Tabbouleh!
It’s hot. When it’s hot, I like cold salads and things that cook quickly, because I don’t have central AC, but instead a giant window unit in the middle of the house that cools the kitchen as long as you don’t cook in it. 
It’s hot. When it’s hot, our garden gives a plenty. We have so many tomatoes, cucumbers, mint, zucchini and squash that our yard is getting choked.
Luckily, Greek style food relies on so much of what we’re growing.
First, tabbouleh. I saw the Greek meze menu in this month’s Cooking Light and was inspired. Cooking Light’s version of the salad is good, but I made a few adapatations, as I always do with Cooking Light- and it’s always to add more flavor. I’m not sure who’s in their tasting kitchen, but I imagine they are midwestern, because they have a very, very light hand with the spices.
Tabbouleh is easy, but takes a few minutes to prep all the vegetables. If you had a Slap Chop, it would go lightning fast. To me, this wasn’t enough chopping to pull out the food processor, but I am pretty handy with a knife, so it didn’t seem like a big deal.
For salads like these, I prefer mise en place- everything in its place. It also allows me to assign chopping duties to a helper as well.
Recipe
You’ll need

- 1 cup uncooked bulgur
- 1 cup boiling water
- 1/4 cup fresh lemon juice (2 lemons should do it)

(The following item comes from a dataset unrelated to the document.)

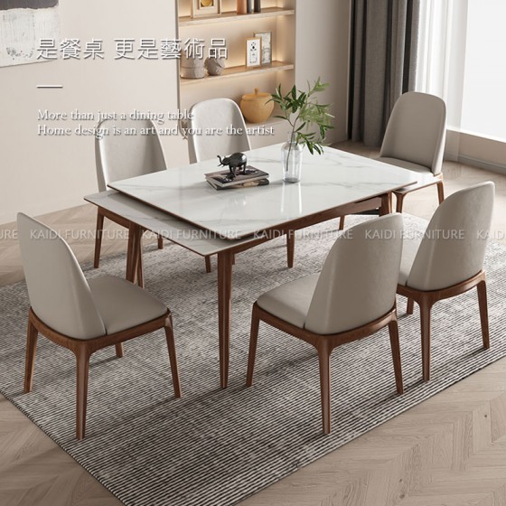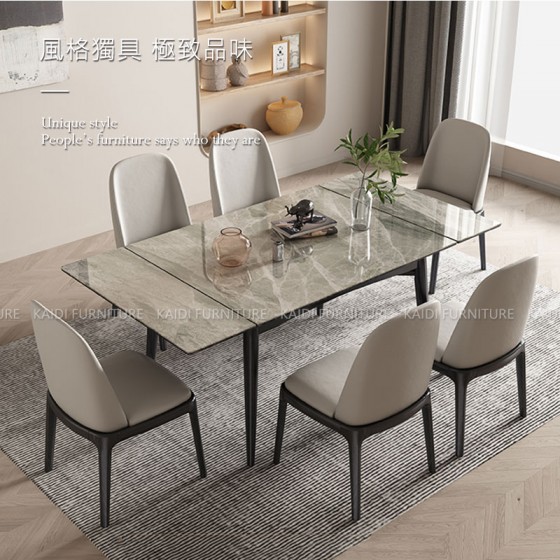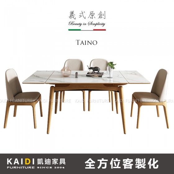 K09-09-13 泰諾北歐風原木腳座伸縮岩板餐桌/兩側開

- 2 tablespoons extra-virgin olive oil
- 3 garlic cloves, minced
- 3 cups chopped tomato (about 2 large)
- 1 1/4 cups chopped seeded peeled cucumber (about 1 medium)

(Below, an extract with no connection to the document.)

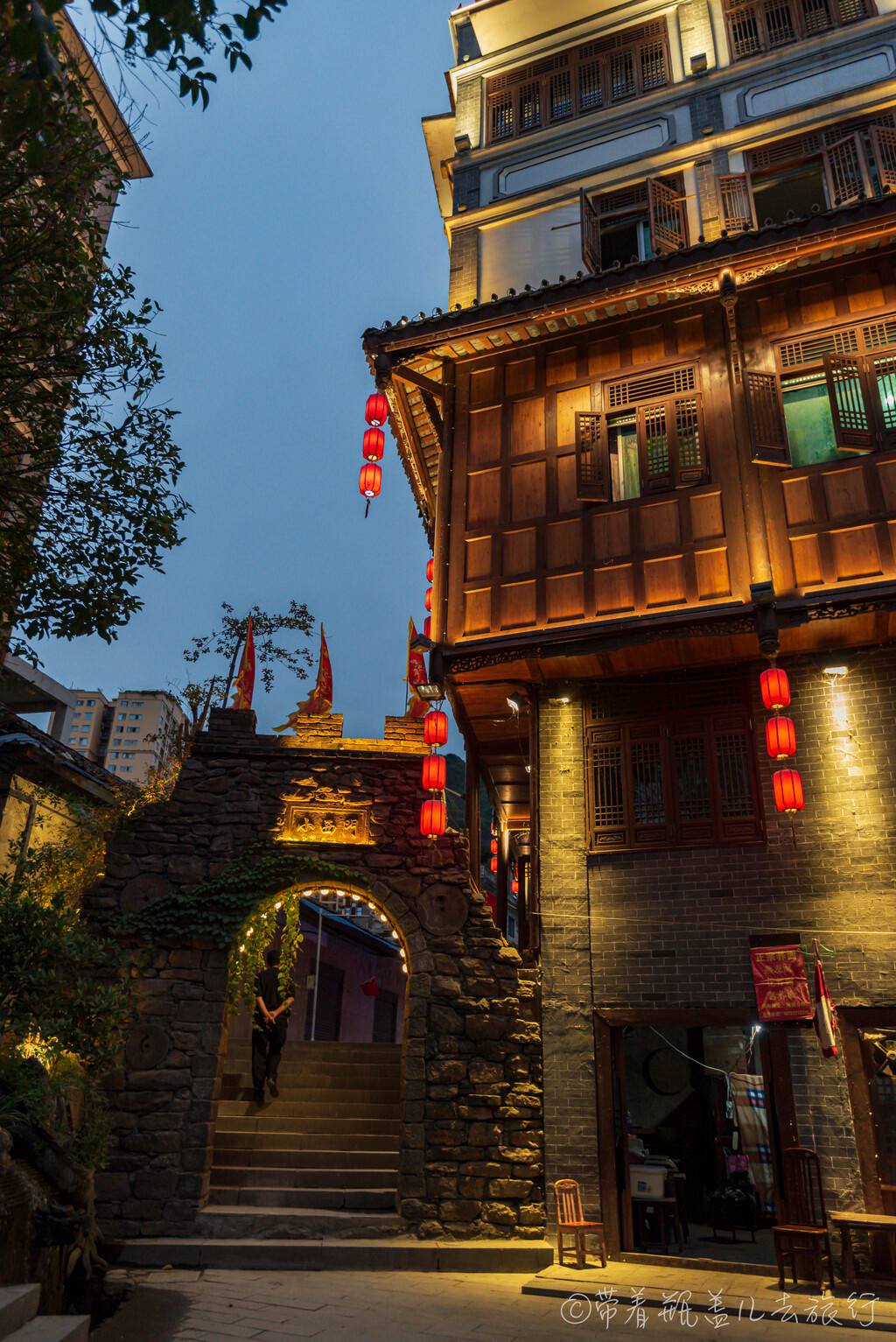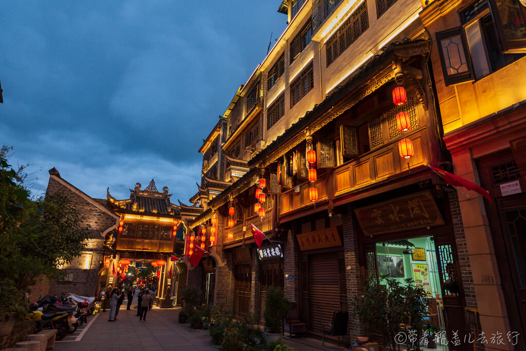从西门原路返回到丁字路口继续前行,则是东门方向,建筑更加多古朴一些,也更热闹一些,此时华灯初上,在灯光的映衬下,土城老街显得更加的漂亮!

- 1 cup chopped fresh parsley
- 3/4 cup chopped green onions (about 3)
- 1/2 cup chopped fresh mint
- 1 1/2 teaspoon salt
- 1 1/2 teaspoon freshly ground black pepper
How To
- Place bulgur in a large bowl and cover with one cup of boiling water. Let stand, covered, for about 30-45 minutes.
- Throw everything else in and let it steep at room temperature for about an hour. It’s even better the next day.